### Record excerpts ###

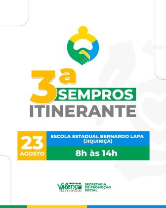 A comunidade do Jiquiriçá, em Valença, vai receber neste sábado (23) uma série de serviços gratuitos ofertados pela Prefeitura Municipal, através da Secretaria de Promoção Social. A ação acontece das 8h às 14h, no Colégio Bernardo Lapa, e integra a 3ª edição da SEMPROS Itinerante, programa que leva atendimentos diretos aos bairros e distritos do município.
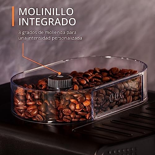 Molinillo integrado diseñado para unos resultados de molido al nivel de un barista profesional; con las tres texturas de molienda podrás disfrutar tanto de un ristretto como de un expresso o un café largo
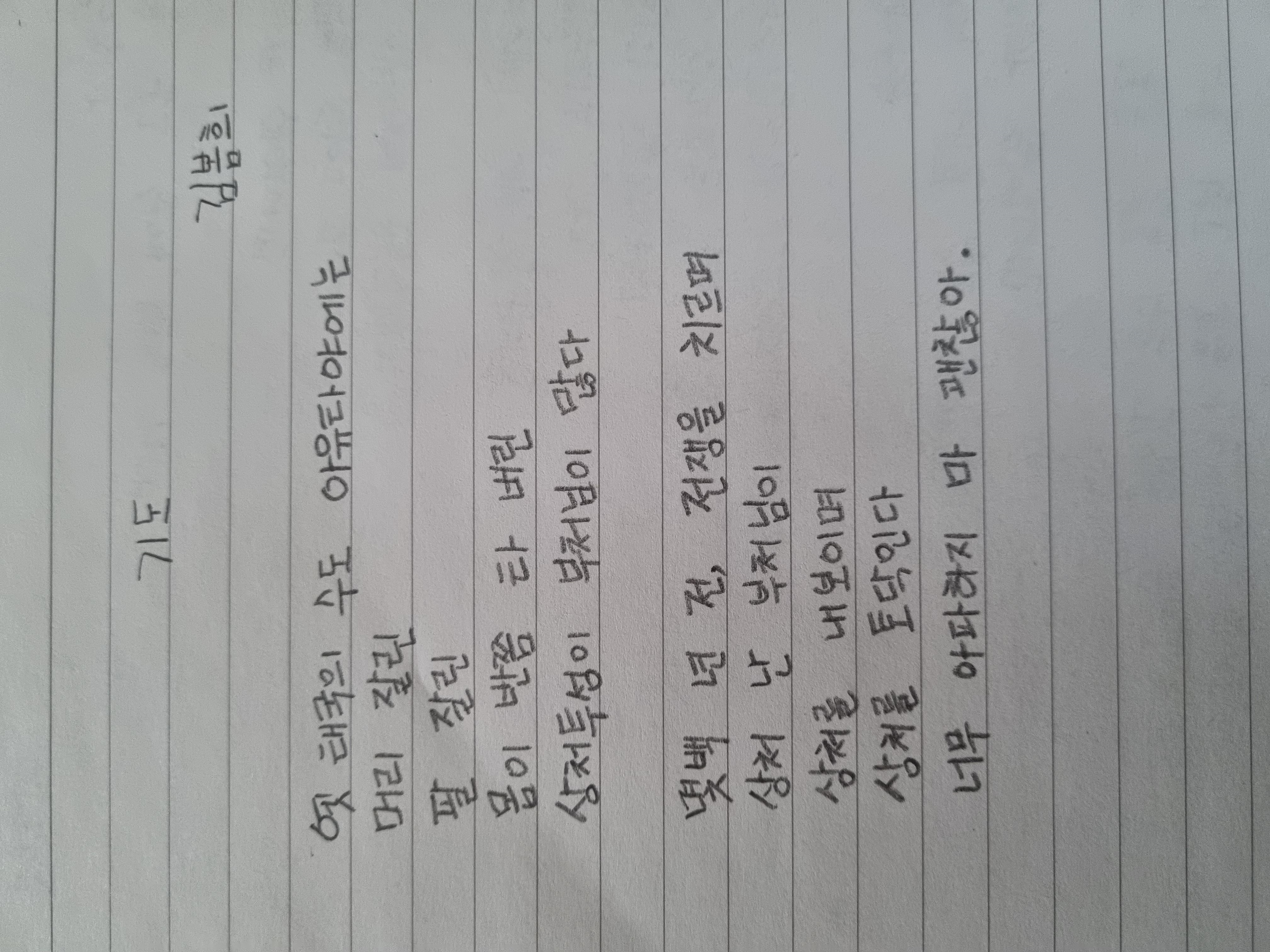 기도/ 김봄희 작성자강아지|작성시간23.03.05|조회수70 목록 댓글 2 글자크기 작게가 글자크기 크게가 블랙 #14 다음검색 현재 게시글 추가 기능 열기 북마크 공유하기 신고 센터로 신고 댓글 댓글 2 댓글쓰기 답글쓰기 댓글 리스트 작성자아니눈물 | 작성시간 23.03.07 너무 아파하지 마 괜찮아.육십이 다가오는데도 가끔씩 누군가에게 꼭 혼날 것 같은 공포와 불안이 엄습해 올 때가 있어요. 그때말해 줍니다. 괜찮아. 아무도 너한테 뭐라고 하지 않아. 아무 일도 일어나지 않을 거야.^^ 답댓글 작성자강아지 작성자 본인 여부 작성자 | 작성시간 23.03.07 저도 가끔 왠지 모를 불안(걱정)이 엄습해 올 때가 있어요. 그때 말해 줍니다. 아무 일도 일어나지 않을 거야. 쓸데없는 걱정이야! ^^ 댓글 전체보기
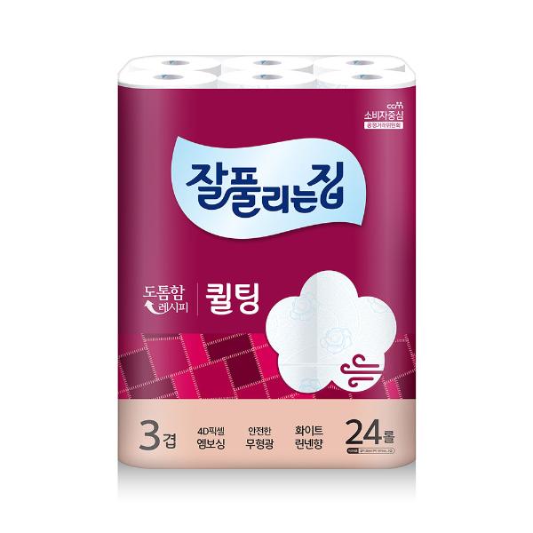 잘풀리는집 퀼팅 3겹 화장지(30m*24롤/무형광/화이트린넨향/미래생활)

###
### Record excerpts ###

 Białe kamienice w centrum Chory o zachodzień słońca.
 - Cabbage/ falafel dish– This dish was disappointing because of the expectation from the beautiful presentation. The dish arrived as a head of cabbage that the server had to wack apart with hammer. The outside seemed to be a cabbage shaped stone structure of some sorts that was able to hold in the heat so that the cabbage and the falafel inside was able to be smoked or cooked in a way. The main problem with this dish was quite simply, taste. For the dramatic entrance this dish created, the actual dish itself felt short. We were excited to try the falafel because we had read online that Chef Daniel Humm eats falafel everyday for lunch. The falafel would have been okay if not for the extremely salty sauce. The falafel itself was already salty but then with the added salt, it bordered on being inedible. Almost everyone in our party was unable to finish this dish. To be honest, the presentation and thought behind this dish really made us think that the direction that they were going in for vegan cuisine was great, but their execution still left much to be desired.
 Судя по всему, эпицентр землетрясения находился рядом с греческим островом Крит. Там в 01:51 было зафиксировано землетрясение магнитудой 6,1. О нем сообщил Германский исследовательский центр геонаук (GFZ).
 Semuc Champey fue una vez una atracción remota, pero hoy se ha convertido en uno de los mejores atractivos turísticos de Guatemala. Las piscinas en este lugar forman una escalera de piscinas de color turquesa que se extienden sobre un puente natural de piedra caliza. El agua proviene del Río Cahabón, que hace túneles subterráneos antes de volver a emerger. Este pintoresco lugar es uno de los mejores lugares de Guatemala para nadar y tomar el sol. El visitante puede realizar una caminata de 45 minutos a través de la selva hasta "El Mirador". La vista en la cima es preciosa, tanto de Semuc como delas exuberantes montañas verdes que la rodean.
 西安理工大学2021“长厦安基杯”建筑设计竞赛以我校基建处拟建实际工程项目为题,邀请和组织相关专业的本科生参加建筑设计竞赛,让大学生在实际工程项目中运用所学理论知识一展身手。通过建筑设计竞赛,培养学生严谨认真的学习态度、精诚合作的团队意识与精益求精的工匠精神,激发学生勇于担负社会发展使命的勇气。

###

The problem.
Once the line with "Białe kamienice w" is found in the records above, print exactly that line and every line after it through the line with "Судя по всему, эпицентр".

Written solution.
 Białe kamienice w centrum Chory o zachodzień słońca.
 - Cabbage/ falafel dish– This dish was disappointing because of the expectation from the beautiful presentation. The dish arrived as a head of cabbage that the server had to wack apart with hammer. The outside seemed to be a cabbage shaped stone structure of some sorts that was able to hold in the heat so that the cabbage and the falafel inside was able to be smoked or cooked in a way. The main problem with this dish was quite simply, taste. For the dramatic entrance this dish created, the actual dish itself felt short. We were excited to try the falafel because we had read online that Chef Daniel Humm eats falafel everyday for lunch. The falafel would have been okay if not for the extremely salty sauce. The falafel itself was already salty but then with the added salt, it bordered on being inedible. Almost everyone in our party was unable to finish this dish. To be honest, the presentation and thought behind this dish really made us think that the direction that they were going in for vegan cuisine was great, but their execution still left much to be desired.
 Судя по всему, эпицентр землетрясения находился рядом с греческим островом Крит. Там в 01:51 было зафиксировано землетрясение магнитудой 6,1. О нем сообщил Германский исследовательский центр геонаук (GFZ).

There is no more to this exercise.